======== Available data
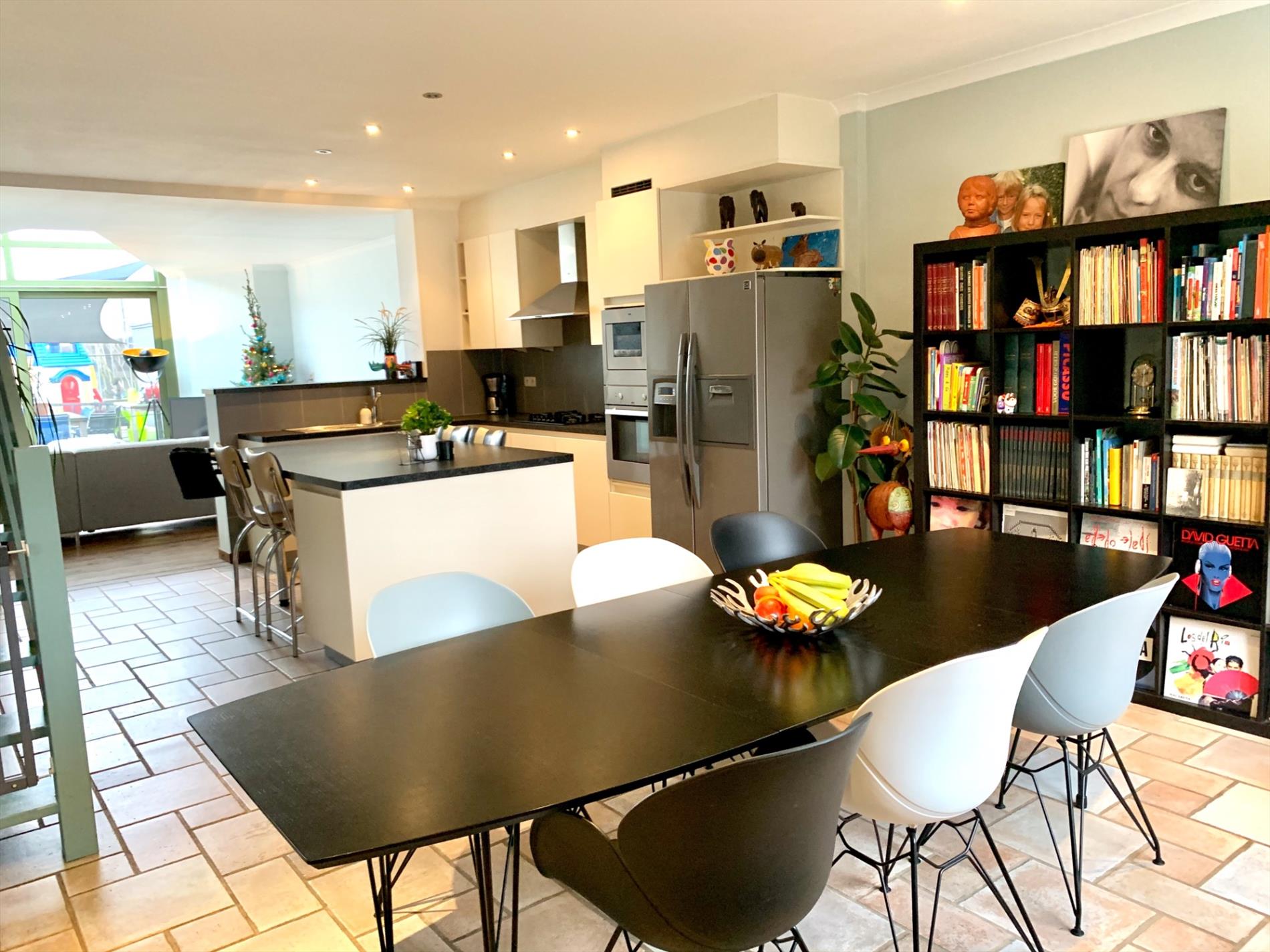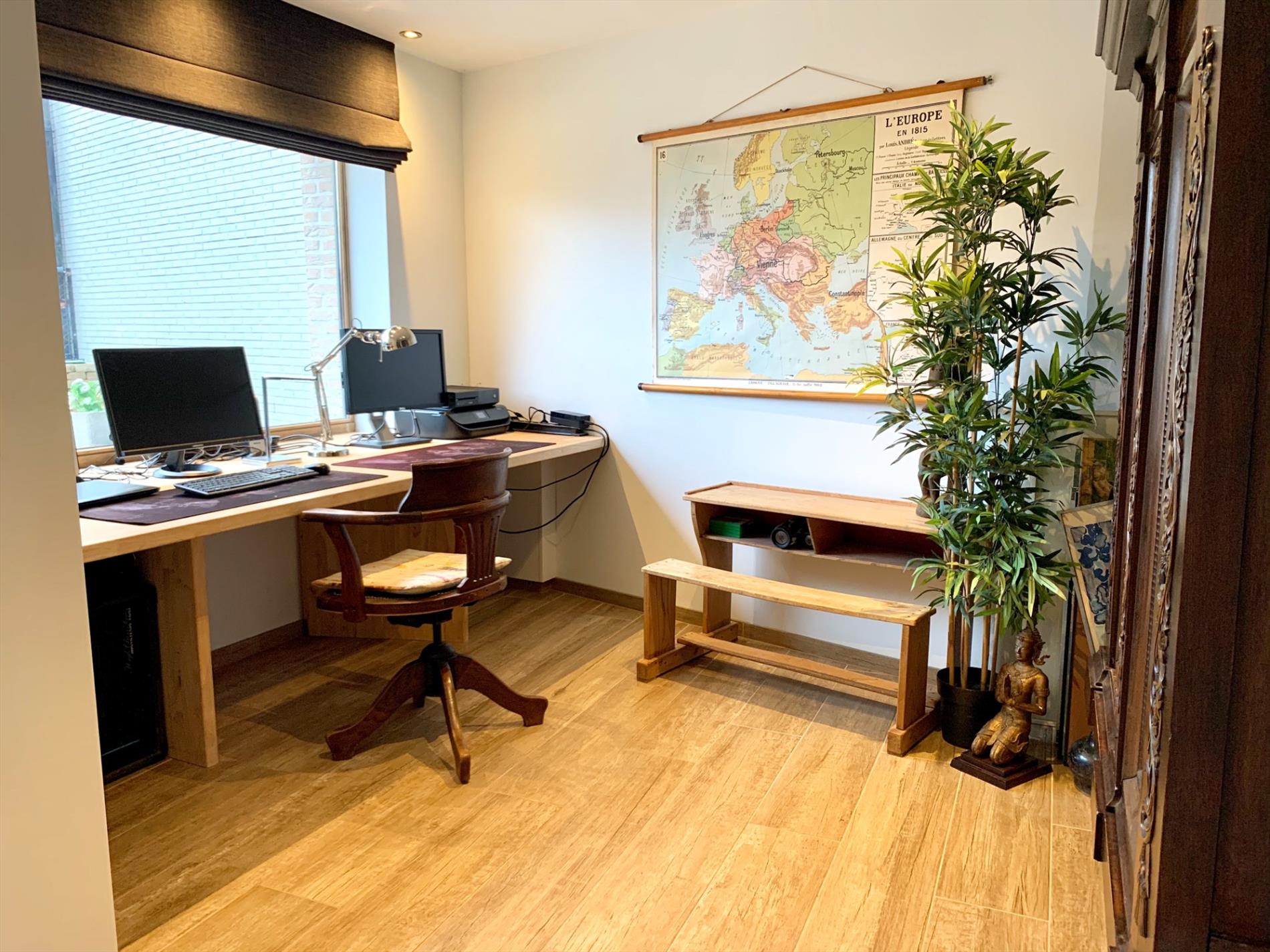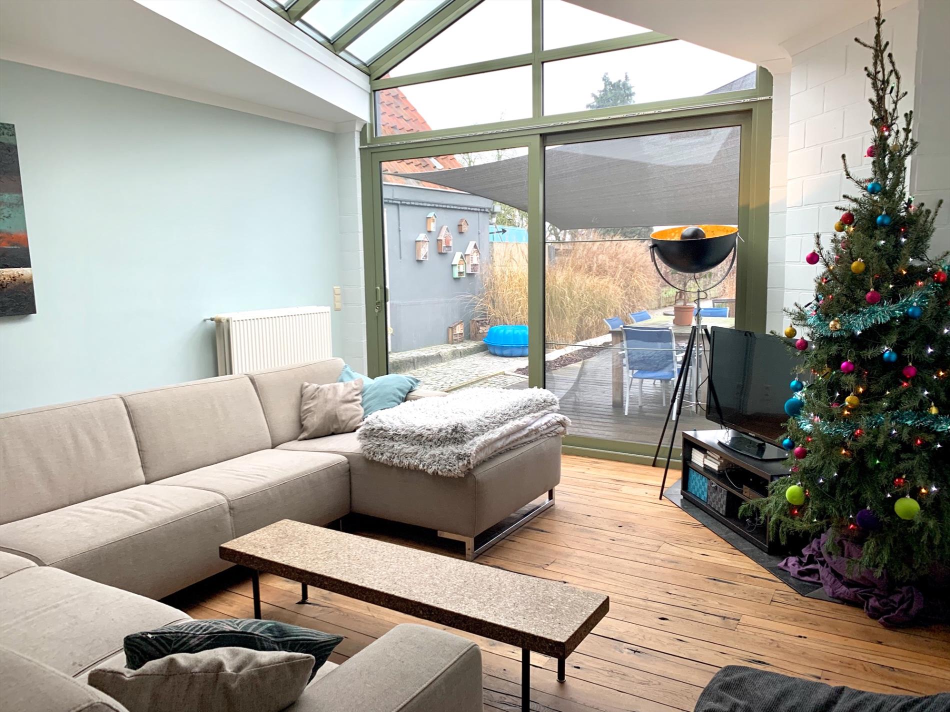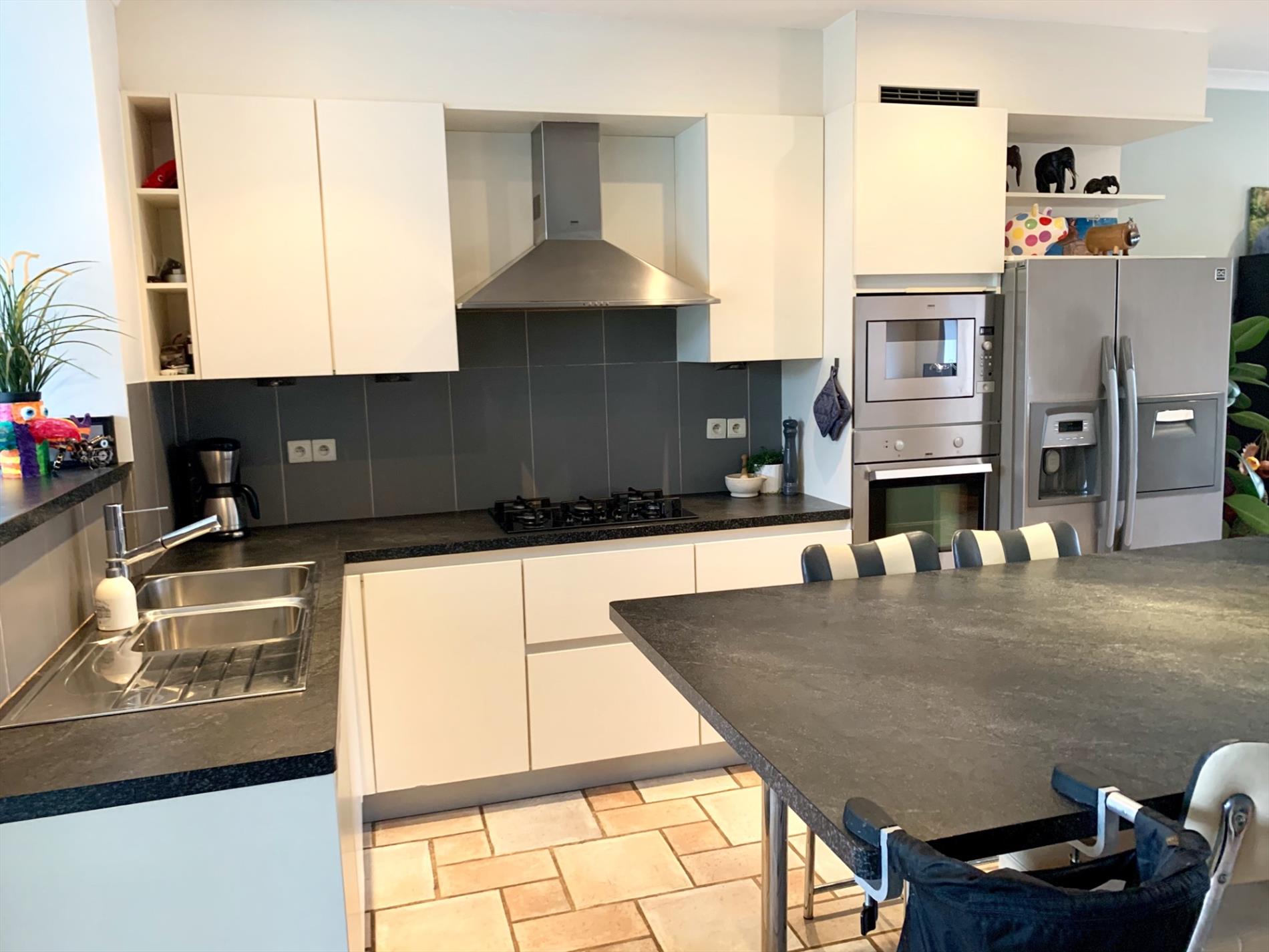 Schrijf u inDeze woning heeft tal van troeven. De zeer strakke moderne afsluiting vooraan met zwarte poort en parlofoon is onlangs pas geplaatst. Zo kan u ook vooraan genieten van het pas aangelegde terras. Ook zal u bij het binnen komen versteld staan en zien over wat een volume het gaat. Zowel de leefruimte, open keuken en open bureau vloeien in elkaar. Ook de woonkamer die daarop aansluit is enorm gezellig door de parketvloer en geeft een open gevoel door de grote glazen koepel. Van hieruit heeft u een uitzicht op het terras en de tuin.
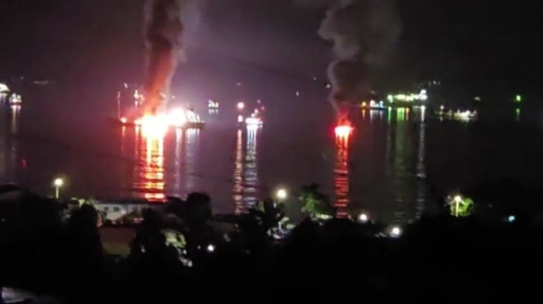 멀지 않은 해상에 있는 배도 불타고 있습니다.
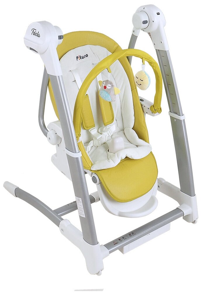 Лучшие цены. Pituso Triola – удобный стульчик 3 в 1, который можно использовать в качестве электрокачели в период с 6 месяцев до года. Сам же стульчик для кормления прослужит до достижения малышом возраста в 3 года. Модель отличается компактной рамой складного типа и имеет чехол из эко-кожи, который очень легко мыть. Магазины в вашем городе.
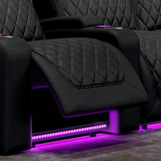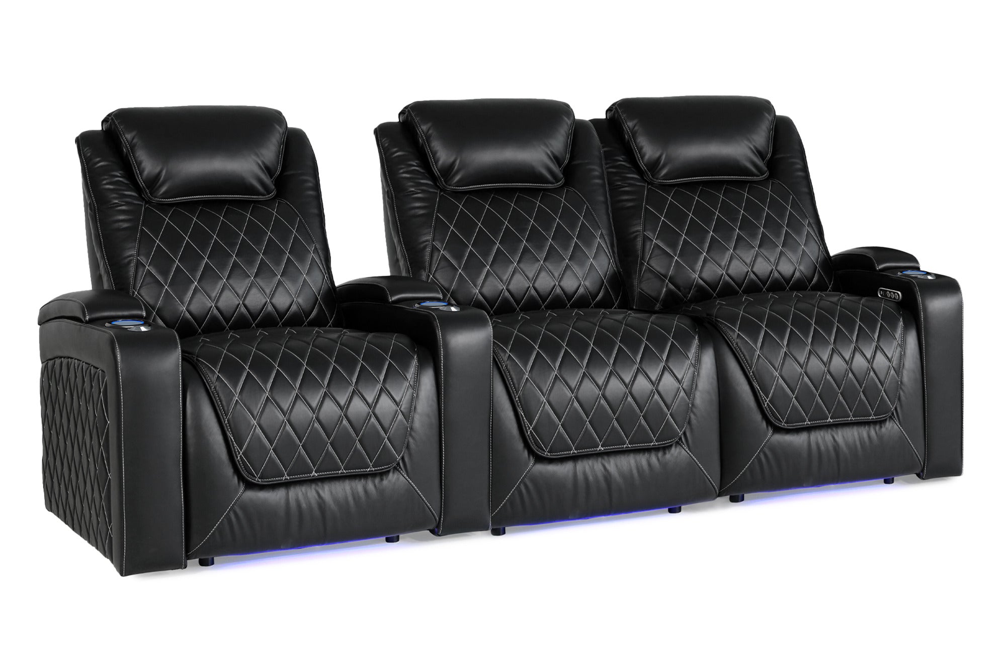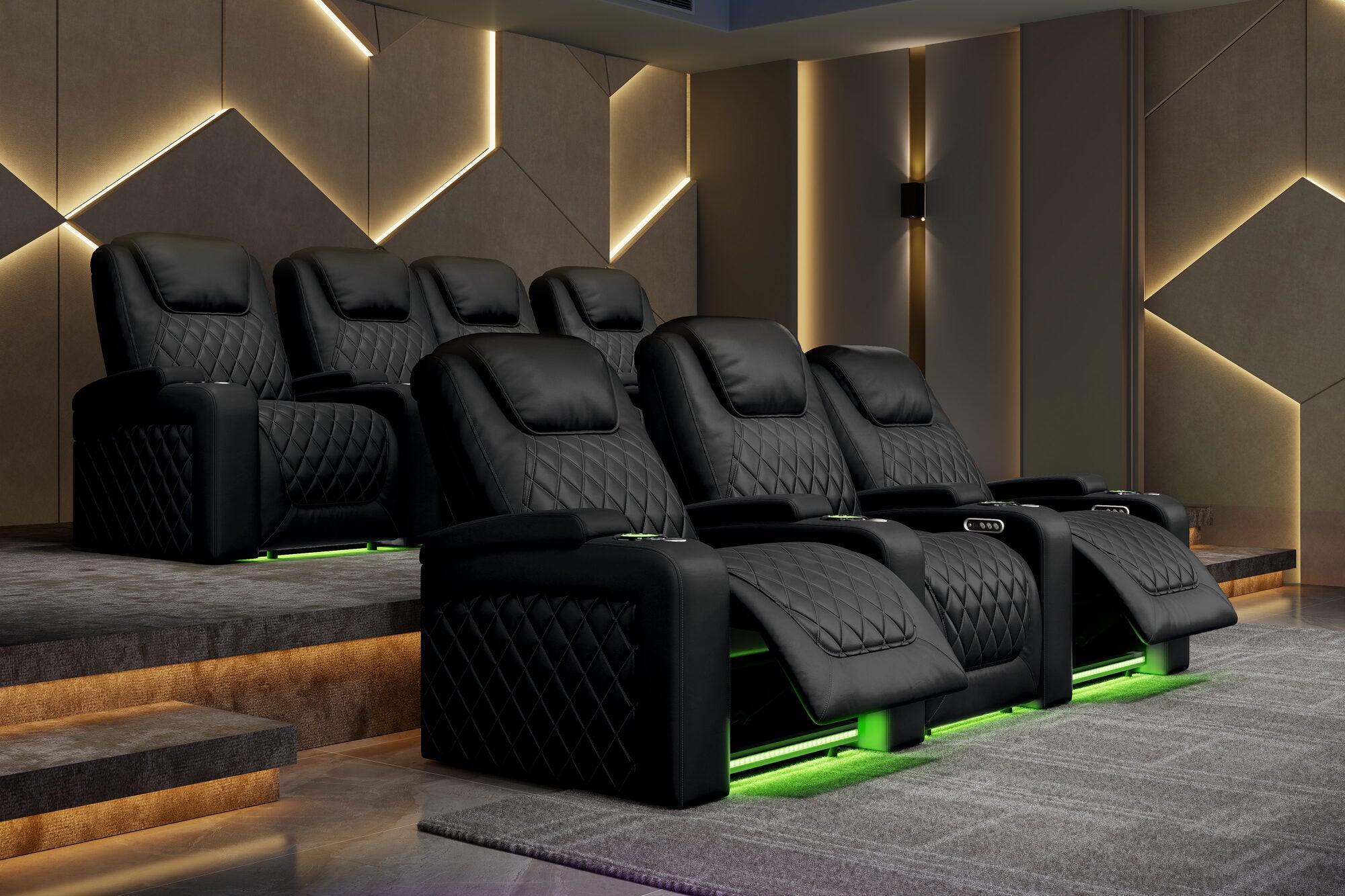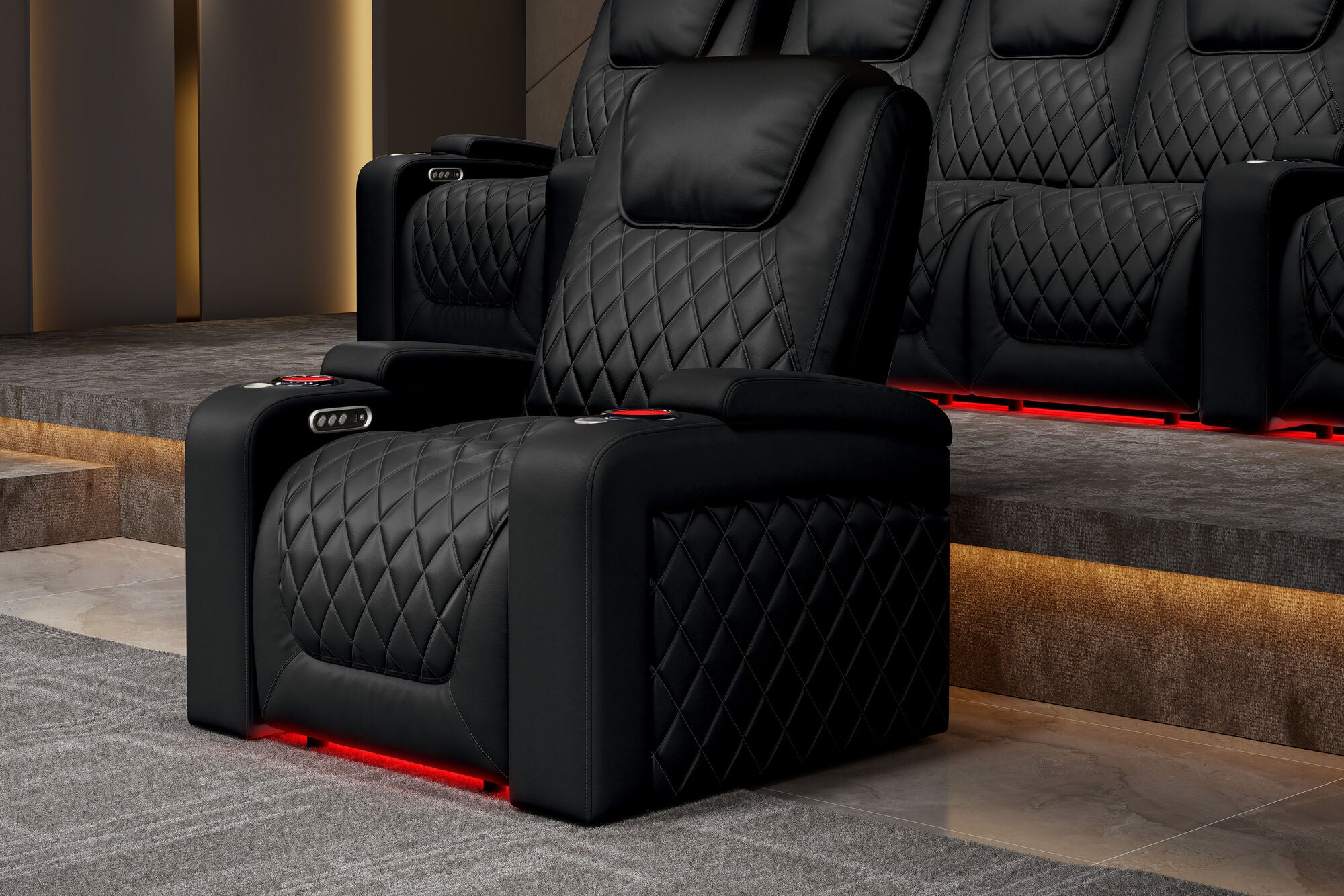 - This elegant diamond-quilted stitching detail complements your home theatre with a regal aesthetic while enhancing ergonomic comfort with added softness and support.
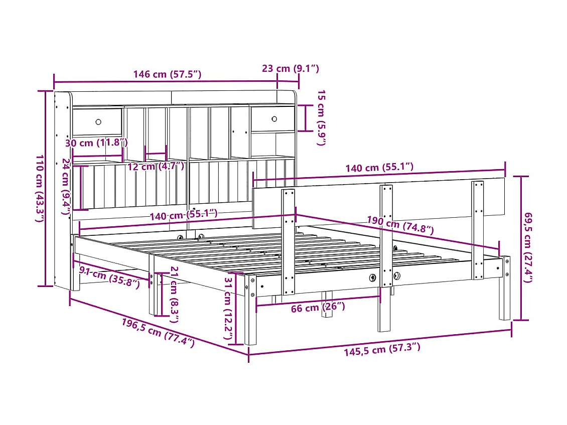 Massivholzbett mit Regal ohne Matratze Weiß 140x190 cm Kiefer
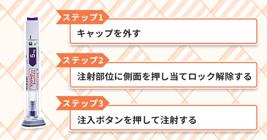 準備が整ったら、注入器のキャップを外し、専用の注射針をまっすぐに取り付けて外側のキャップを外します。次に、注射部位に側面を押し当てロックを解除します。
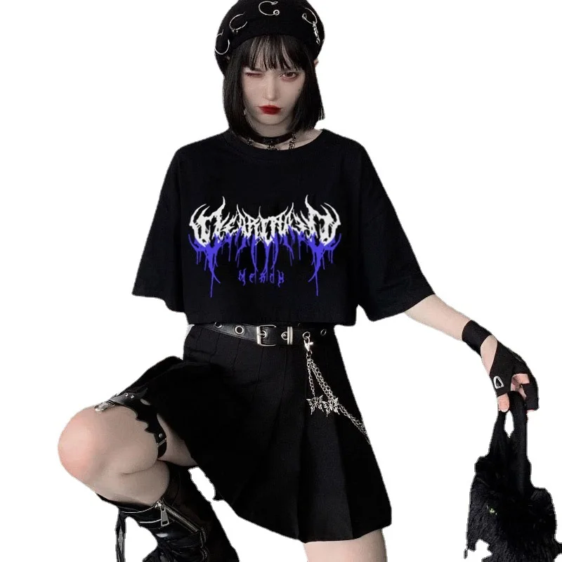 Женские футболки в стиле панк, Корейская футболка, готическая Черна...
================
# Required action
Starting with the line that holds "- This elegant", return each line exactly through the final line of the entries above; pictures are not part of the output.

# Result of the task
 - This elegant diamond-quilted stitching detail complements your home theatre with a regal aesthetic while enhancing ergonomic comfort with added softness and support.
 Massivholzbett mit Regal ohne Matratze Weiß 140x190 cm Kiefer
 準備が整ったら、注入器のキャップを外し、専用の注射針をまっすぐに取り付けて外側のキャップを外します。次に、注射部位に側面を押し当てロックを解除します。
 Женские футболки в стиле панк, Корейская футболка, готическая Черна...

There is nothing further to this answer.